Equipoise, 36" x 48", oil and acrylic on wood, 1994. Artist's collection.
I attempt, though not always successfully, to speak of the images I make in an objective voice. However, there are certain events which have occurred in my life which factor into the making of certain images more than others. When I began working on the 3' x 4' wood panel that would become Equipoise I was returning from a four month involuntary abstinence from painting. The abstinence from painting--literally could not pick up a brush--resulted from the simultaneous convergence of two very unfortunate, and uncontrollable, events in my life. One event was witnessing a death in my family, and the other was something else.
The scale of the panel was the only predetermined factor in terms of physically initiating the work. I was devoid of preconceptions of imagery, and especially averse to making another Saint Helices composition. I was operating at the level of survival instinct. The panel began with the barest of tools and mediums--a large flat paintbrush, a can of white latex paint, a can of black latex paint, and an electric belt sander. I exhumed the process I had used six years earlier in preparing the panels for Snap--alternating layers of black and white paint and abrading the surface with a belt sander to reveal the layers of paint in areas, the grain of the wood, and the wood itself. Having accomplished this I carried the dead weight of the panel from the dirty workroom of my studio into the clean workroom to view the panel's surface under the studio lamps.
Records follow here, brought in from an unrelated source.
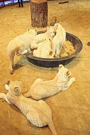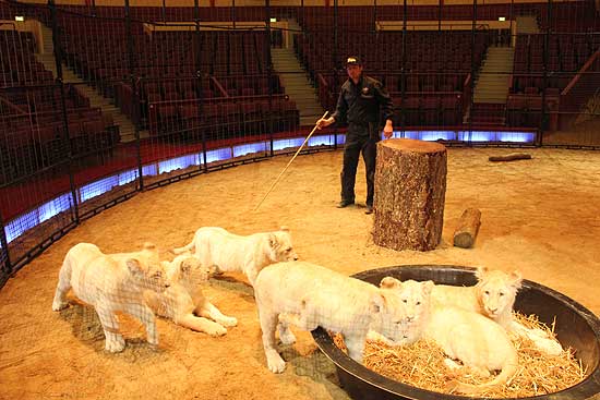 MARTIN LACEY JR. (Großbritannien) präsentiert im zweiten Winterprogramm des Circus Krone, welches am 1.2.2012 Premiere hat, eine echte tierische Sensation: Sechs kleine weiße Löwen geboren Ende Juli 2012 bei einem Gastspiel des Circus Krone in Konstanz. Alle Sechs waren putzmunter und pumperlgesund. Die Geburt dauerte mit Wehen fast acht Stunden. Dann war die Sensation perfekt: Unglaubliche sechs weiße Löwenbabys - So etwas gab es weltweit noch nie. In keinem Circus, keinem Zoo, keinem Park. Die Eltern sind der legendäre weiße Mähnenlöwe King Tonga (10) und die weiße Löwendame Princess (6). Wichtig: Die weißen Löwchen sind keine Albinos, sondern eine sehr seltene, helle Farbvariante mit himmelblauen Augen. Martin Lacey jr. scherzt damit gerne und nennt sie „My little icebears“.
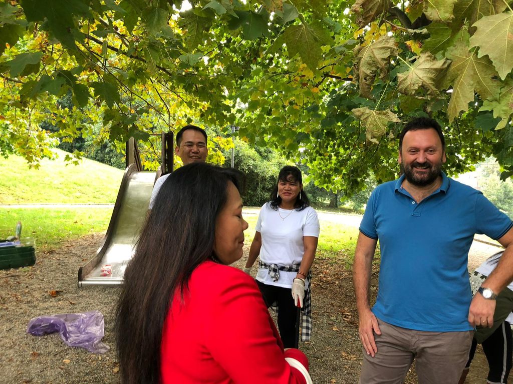 «Una bella giornata di comunità», così la descrive l’assessore all’Ambiente Dino De Simone che nei giorni scorsi era stato contattato dalla comunità filippina che si era resa disponibile per organizzare questa attività. «Un bellissimo modo per condividere i beni comuni e stringere patti di collaborazione. Ringrazio la comunità filippina per aver deciso di regalare alla città questa giornata di volontariato prendendosi cura dei nostri parchi più belli».
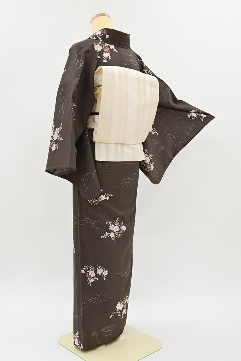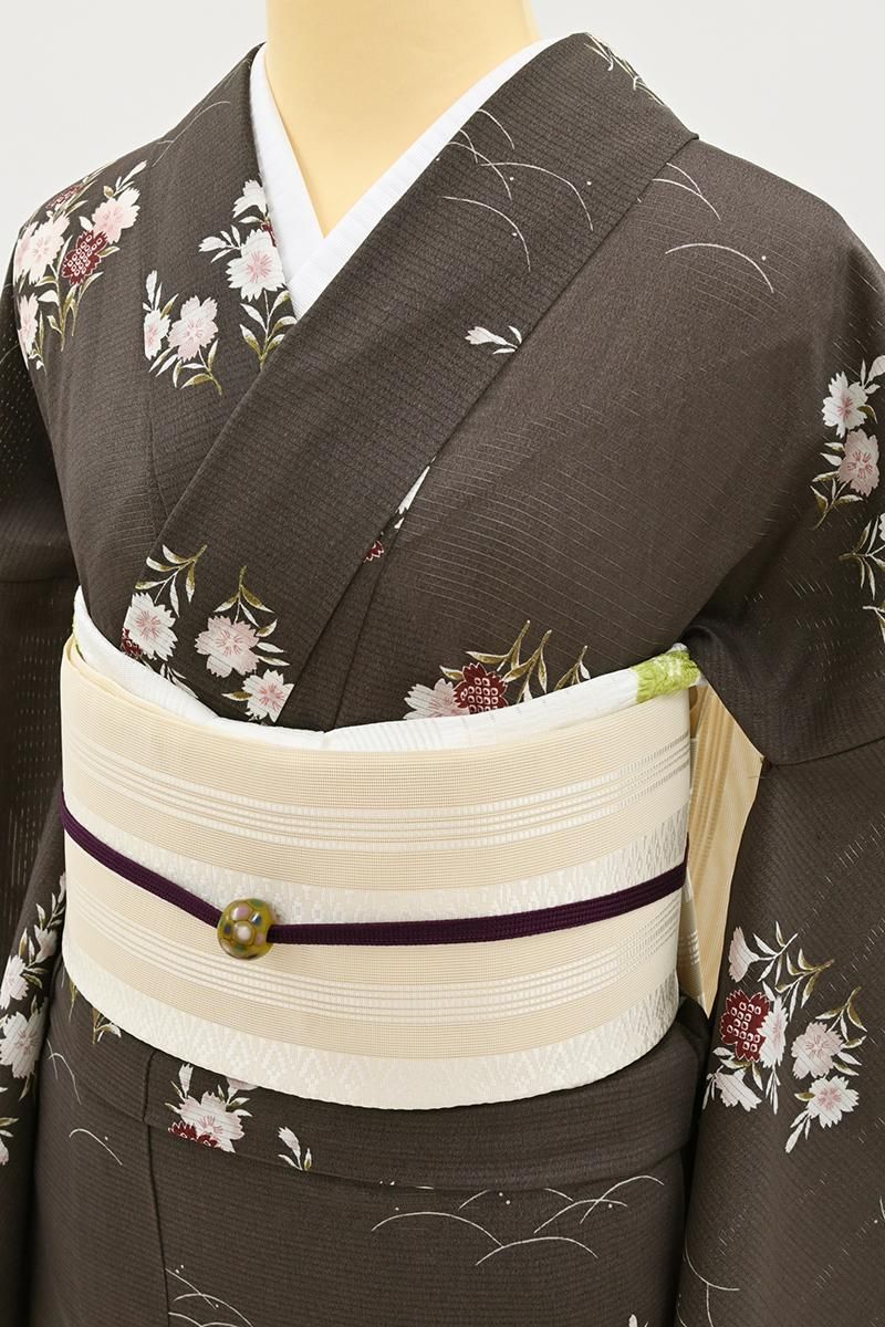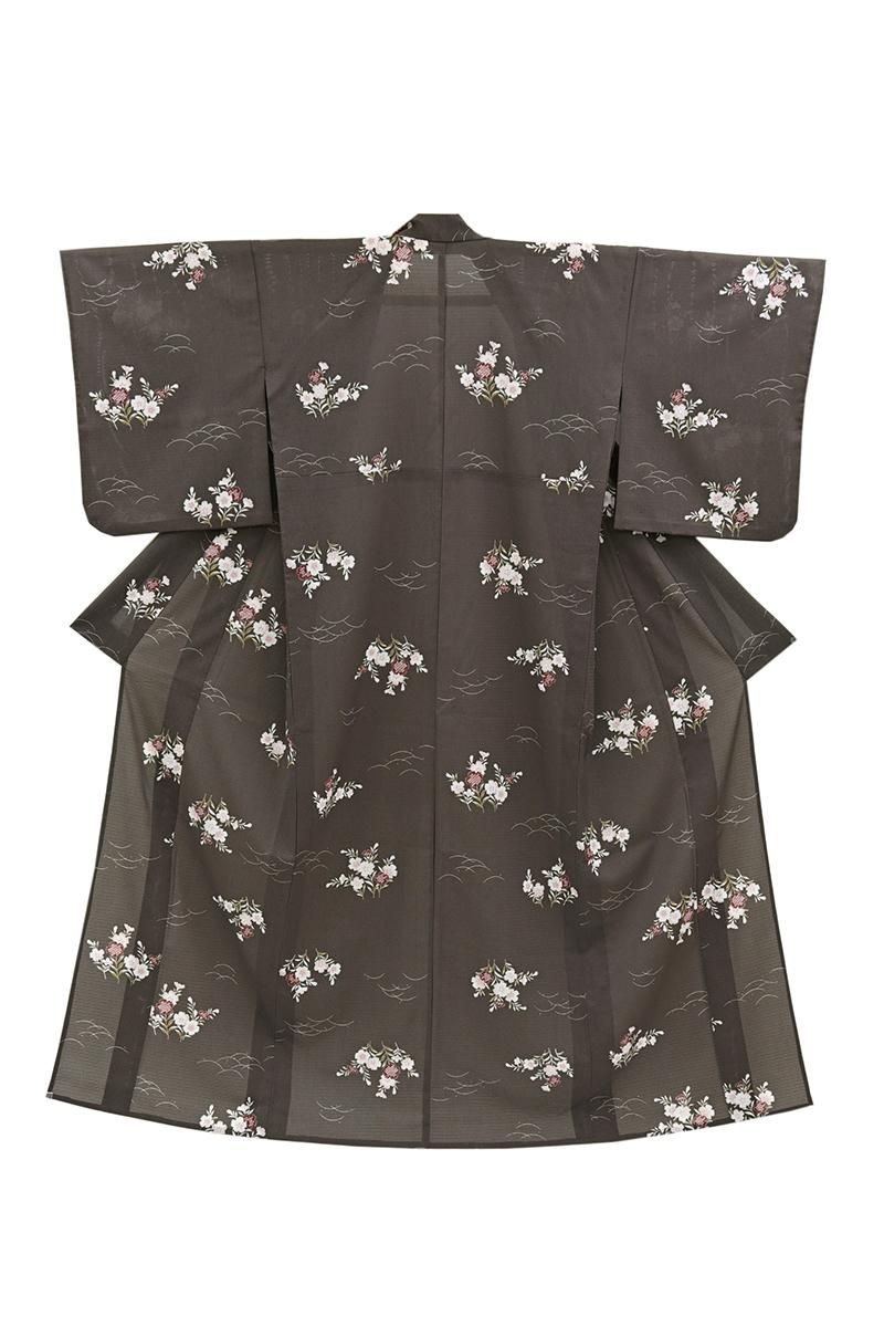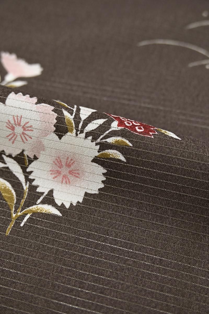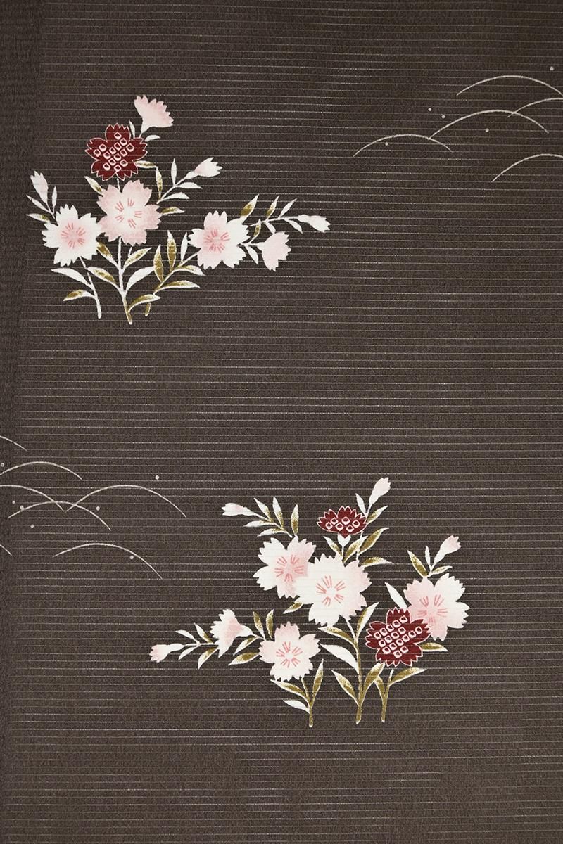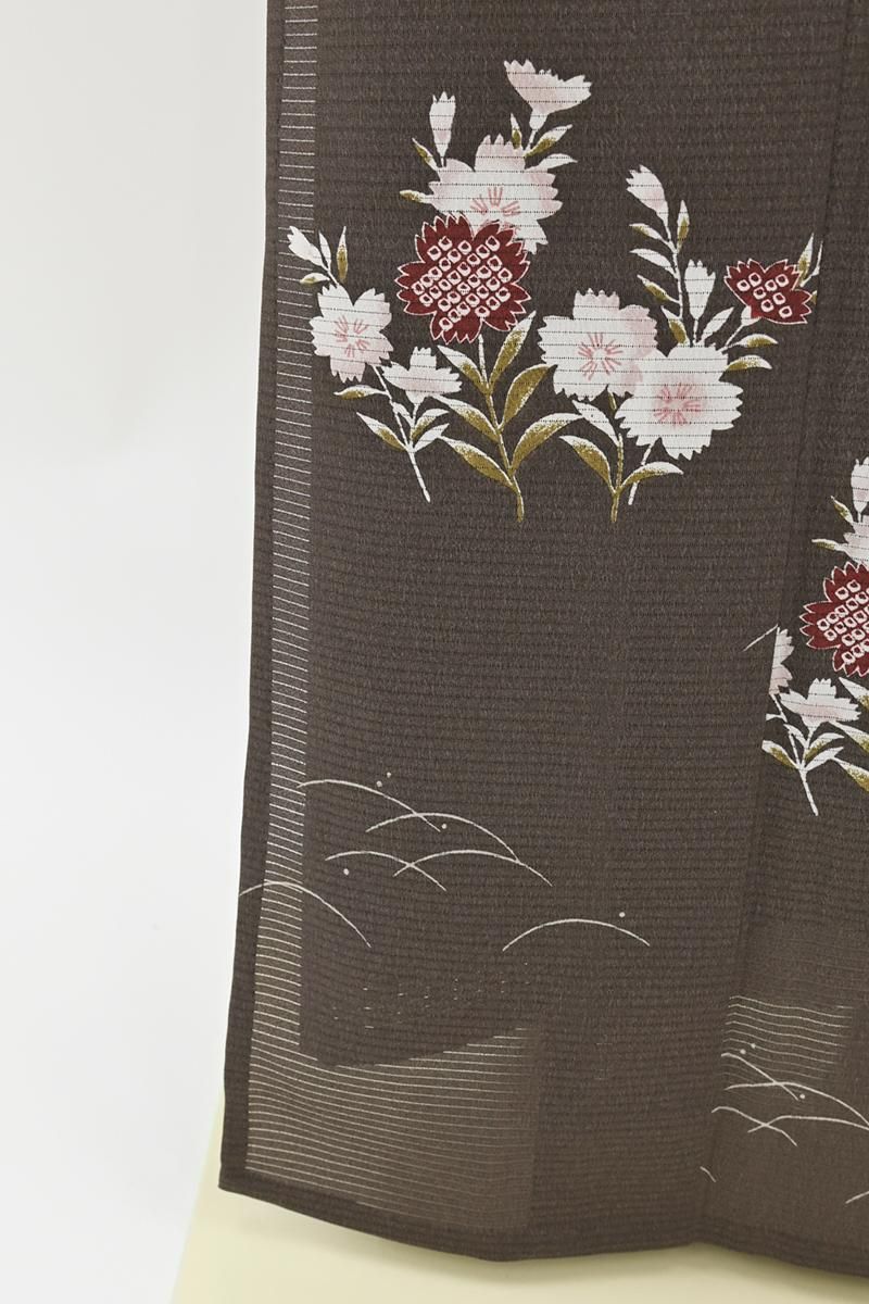 ココア色が近いでしょうか、ほんのり灰みの焦茶色系の地に、撫子や露芝の図を描いた絽の小紋です。こちらはシックなお色目に、はんなりとした彩りで描かれたモチーフが品良い甘さを備えたお品、着姿に大人の愛らしさを添えて引き立ててくれることと思います。様々な帯合わせで、これからの季節のおでかけやちょっとしたお呼ばれなどにいかがでしょうか。

I noticed that there were three distinct areas of the panel which related to the severity of how they were distressed by the belt sander. I made a pencil line delineating the distinctive areas of the panel. I lifted and turned the panel to view it at every angle of vertical and horizontal orientation and decided which direction of orientation made the most aesthetic sense to me. I then expanded the pencil lines delineating the separate areas by painting black undulating linear forms and added the smaller free flowing undulating forms in the central area also in black paint.
At that point the undulating forms gave the appearance of a tree form, or an aerial view of a river delta. It was a beautiful design, but the black undulating forms seemed schematic and flat. I decided to leave some of the black undulating forms as they were and paint the others as three-dimensional forms with a play of light. I also wanted to increase the sense of separateness of the three areas of the panel. I glazed the right area with red varnish, the center area with yellow varnish, and the left area with blue-green varnish. Then I glazed colored varnishes over the highlighted areas on the undulating forms. I pursued the "tree form" idea by painting horizontally oriented undulating forms in the lower left and right sides of the panel. The color of the "fallen" undulating forms on the left is the exact color of the color-toned bare wood patches on the right side of the panel, and vise-versa for the fallen forms on the right. There is one undulating form captured in mid-fall (flight?) in the upper portion of the right (red) area. It is rendered in both the red and green hues of the color-toned bare wood areas from both sides of the panel.
My usage of the word "equipoise" as the title of the painting refers to a condition of balance between states of motion and rest, presence and absence, generation and degeneration.